Each step in this trajectory is informed by the model’s training on vast amounts of text. Words or tokens that appear in similar contexts end up with similar vector representations, meaning the latent space encodes a rich web of relationships  . For example, an LLM’s embedding for “dog” will lie near “cat” but far from “chair,” mirroring the fact that dogs and cats appear in analogous linguistic contexts . This geometry allows the model to make educated guesses about what comes next in a sentence. The latent vectors function somewhat like coordinates on a high-dimensional map: clusters of related meanings form regions (e.g. animals, furniture, etc.), and directions in space capture relational semantics (famously, “king” – “man” + “woman” ≈ “queen” in vector arithmetic) . In this way, the LLM’s internal vector space is a space of possibilities for language, where traversing one direction versus another yields different continuations of a text.

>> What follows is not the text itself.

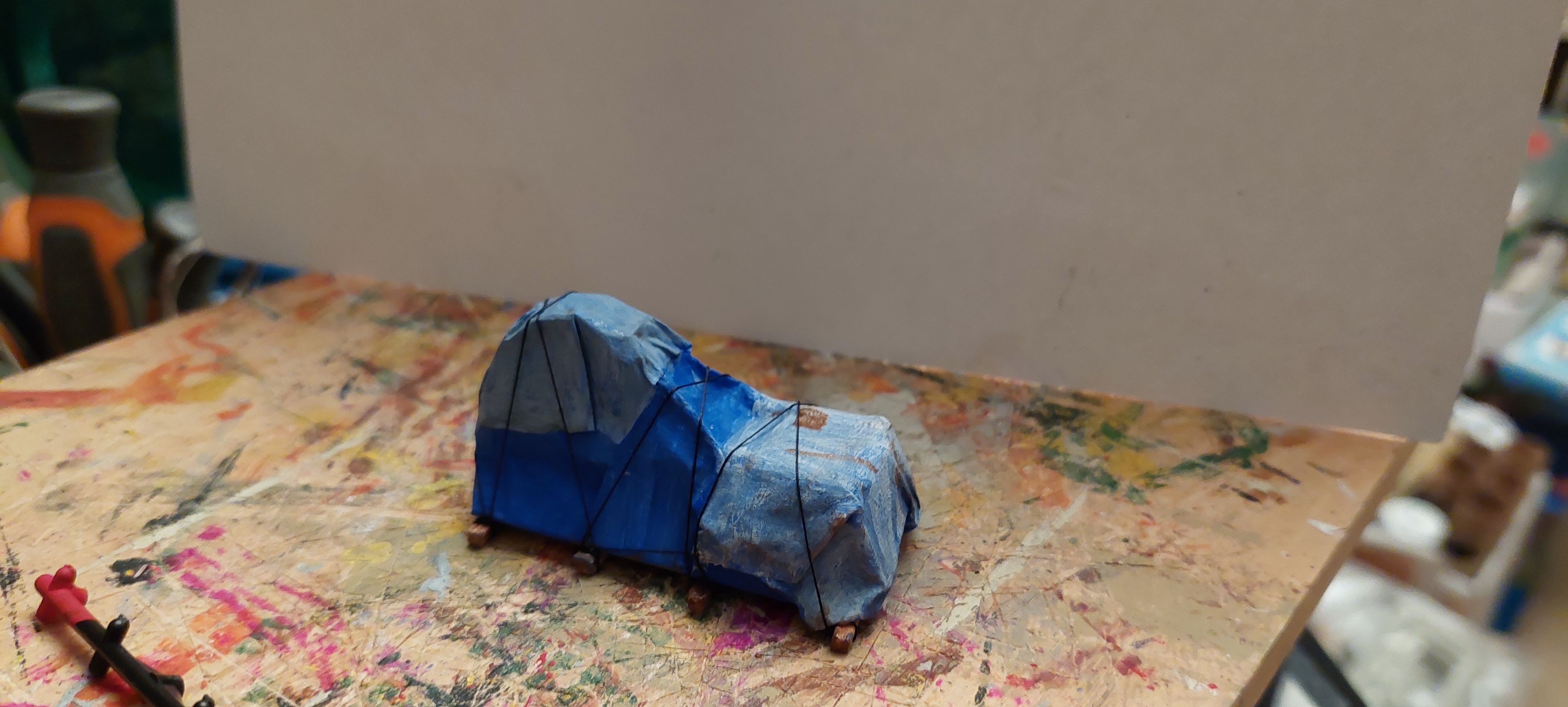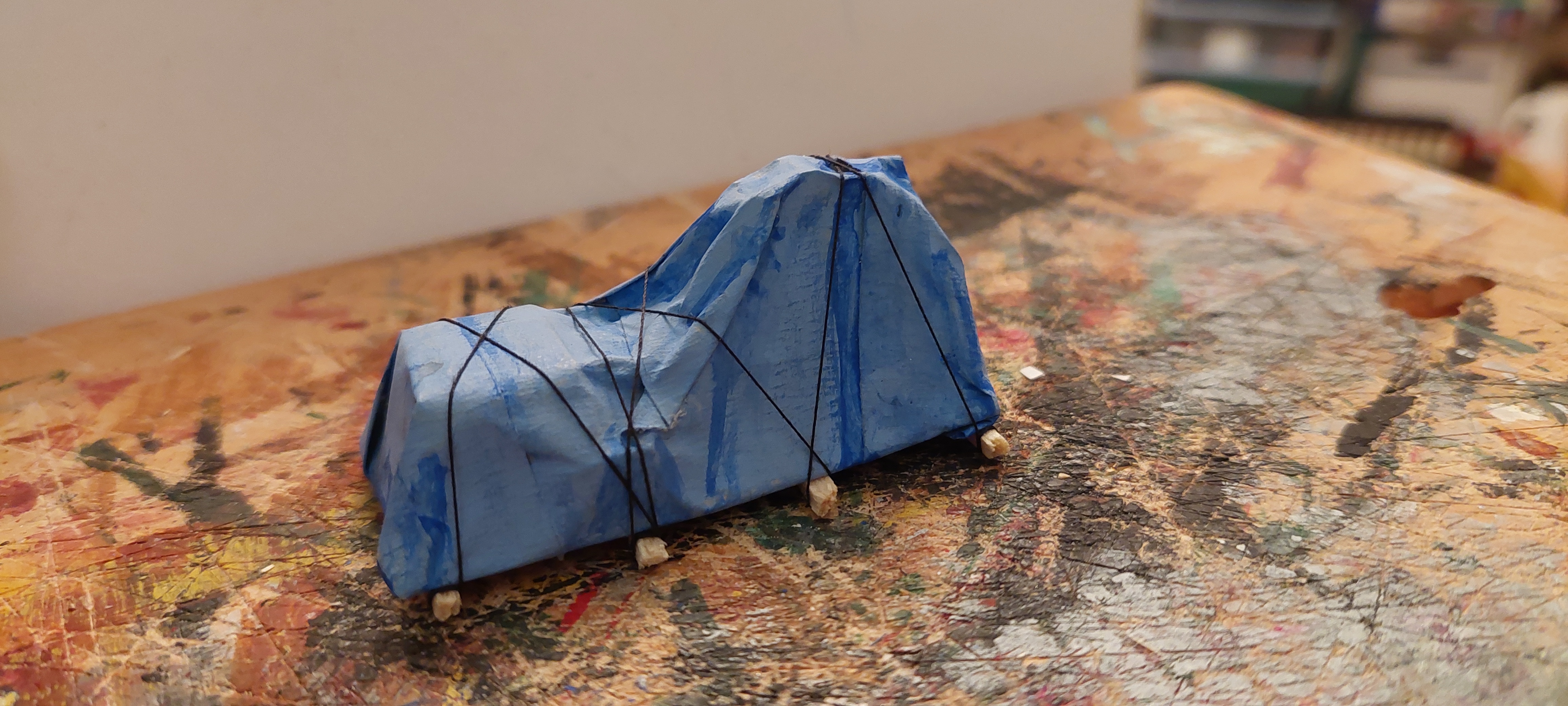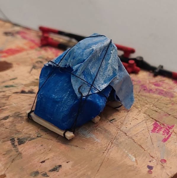 Once I draped and folded them over the load, I painted and weathered them, following up with black thread for the tie downs.

Critically, the generation process in LLMs is sequential and improvisational. The model has no overarching plan for an entire paragraph; it produces each new token based on what has come before, much like a jazz musician improvises the next bar of music by listening to the previous bars. Researchers have even enhanced LLM performance by getting them to generate intermediate tokens that resemble a chain of reasoning steps, the so-called “chain-of-thought” prompts . In such cases, the LLM is effectively narrating its own stepwise process, mimicking the way a human reasoner might break down a problem. These tokens are still generated via the same next-word prediction mechanism, but they create the illusion of the model reasoning through the problem . The key point is that everything the model does is a result of moving through the latent vector space incrementally; each new “line” of output is the consequence of the model’s internal state (a mathematical vector) evolving in response to input and its own prior outputs.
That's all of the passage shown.